“Who’s There?”: Billy the Kid’s Shot in the Dark

It’s a shame that Billy the Kid remains such an underrated historical series. Michael Hirst — the mind behind Vikings and The Tudors — delivers here another of his signatures: a dense, emotional, and deeply human portrait of a man trapped between history and legend.

Played with quiet intensity by Tom Blyth, Billy is no longer the outlaw of folklore, but a young man betrayed by the system that created him. In episode 5, “Breaking the Shackles,” the tension reaches its peak. Captured, condemned to hang, and guarded by two men who represent opposite ends of the law — the brutal Bob Olinger and the kind-hearted James Bell — Billy remains, as always, two steps ahead.

Pat Garrett (a sharp and conflicted Alex Roe) knows better than anyone what Billy can do. But Hirst reminds us that Billy’s cunning isn’t cruelty; it’s survival. In a moment as mundane as asking to use the bathroom, he sees a way out. He doesn’t want to kill Bell, even warns him, but fear wins — and one shot later, Bell is dead. Olinger’s fate is different. Billy kills him without hesitation, vengeance burning quietly beneath his calm exterior.

Once again, the boy escapes. Chains broken, revolver in hand, he rides into the vast, golden plains — free for now, though never truly free. Yet his image, already distorted by the press, is turning into myth. Newspapers call him a monster, a cold-blooded killer, while the series insists on showing the truth: Billy was a victim of the very society that cornered him.

Meanwhile, Emily (Nuria Vega) begins to question her father, Judge Catron, about his obsession with executing Billy. Her defense of the young man isn’t just compassion — it’s rebellion. She sees in Billy a reflection of America itself: a land built by immigrants, poisoned by hypocrisy, and forever rewriting its own morality. Garrett, on the other hand, begins to lose himself. His growing violence, even toward Dulcinea (Rasha Bilal), exposes what he’s becoming — a man who hunts not for justice, but to silence his own fear.

The episode culminates in the haunting scene at Fort Sumner. Billy, believing himself safe at Pete Maxwell’s house, is ambushed in the dark. Garrett’s gun fires, and the shot echoes like the end of an era. Billy falls — maybe. With three episodes still ahead, Billy the Kid leaves us wondering: will Hirst follow Garrett’s account, or dare to embrace the legend that Billy lived?

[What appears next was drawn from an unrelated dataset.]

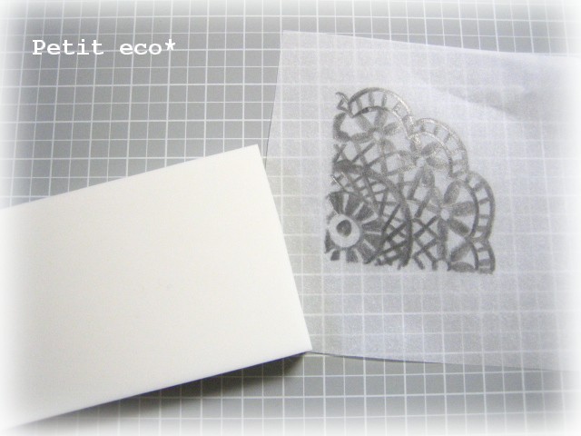 ②トレーシングペーパーを裏返して、つめでこすり、図案を消しゴムに写します。

Between Man and Myth: The Reflection of the Antihero

Billy’s “death” — or what seems like it — is less an ending than a mirror. Hirst’s Billy the Kid joins the same lineage of stories as Peaky Blinders or The Assassination of Jesse James by the Coward Robert Ford, all circling the same question: how do you kill a legend?

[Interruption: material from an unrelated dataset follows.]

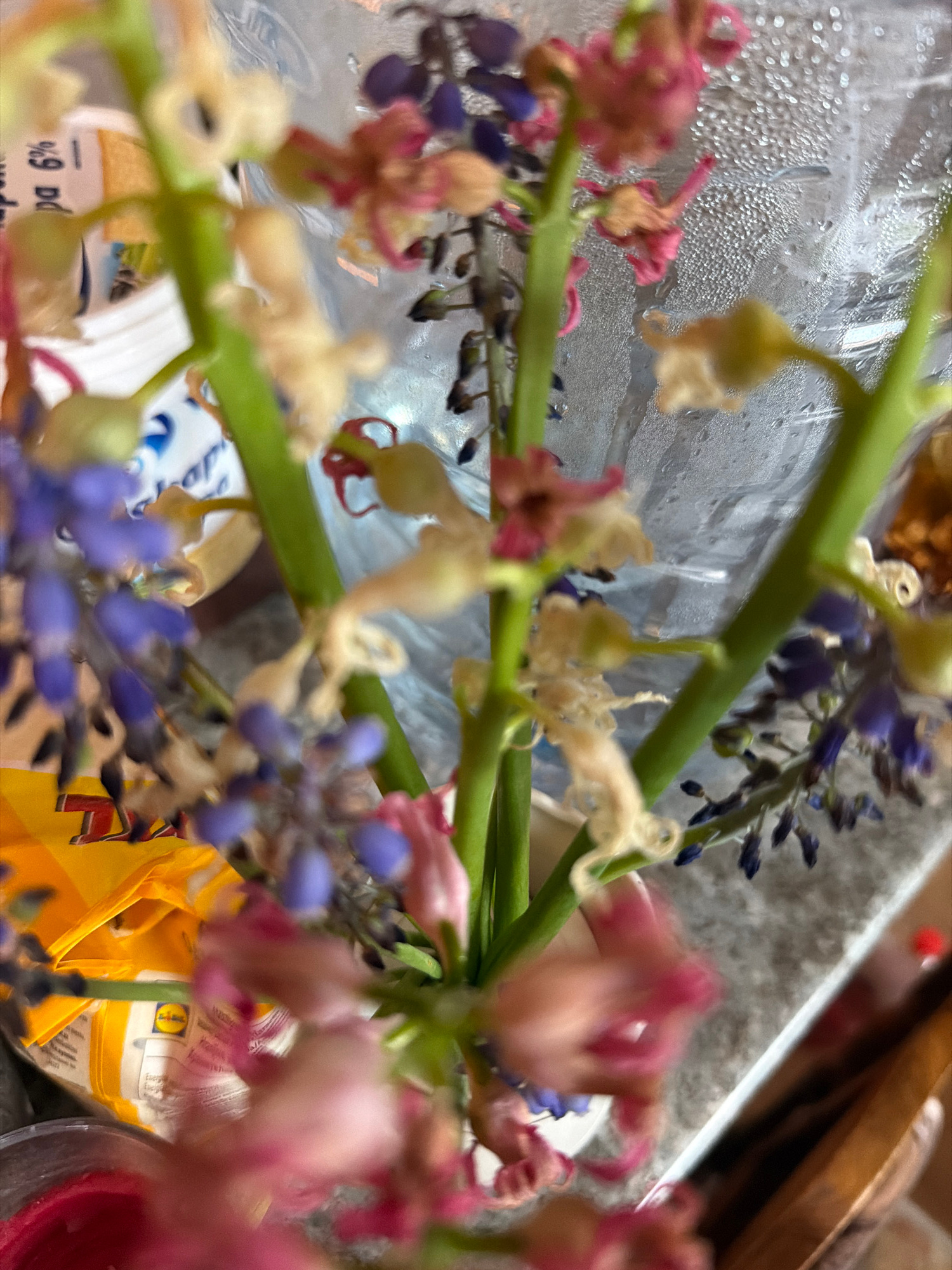 The image depicts a close-up shot of a bouquet of flowers. The bouquet contains hyacinths. The flowers are in a vase with water droplets on it. In the background, there are household objects, includin…read more

None of these men was a hero in the traditional sense. They were violent, wounded, and painfully aware of their own contradictions. But unlike Tommy Shelby or Jesse James, Billy never manipulates anyone — he simply exists. He’s punished not for ambition, but for surviving in a world that made him an outcast.

The camera lingers on silence, on empty landscapes and unfinished sentences. When Garrett fires in the dark, it isn’t just an execution: it’s a metaphor. The man of law killing the reflection of everything he’s lost: freedom, youth, chaos. The West, after all, has always been a duel between order and spirit. Billy is the spirit.

Andrew Dominik’s The Assassination of Jesse James turned a death into an eternal myth, a man frozen in time by his killer’s envy. In Peaky Blinders, Tommy Shelby doesn’t die because he understands that his legend already has. Here, Hirst follows that same truth: Billy may fall, but the myth lives on.

The tragedy, then, isn’t that Billy dies — it’s how history chooses to remember him. The outlaw, as Billy the Kid reminds us, is often the one who believes in justice more than anyone else. Not the justice of men, but that of nature itself.

And so, as the dust settles and the silence of the prairie returns, we’re left with the question that echoes through time — whispered in the dark before the gunfire:
“Who’s there?”

Because perhaps, in some corner of legend, Billy still is.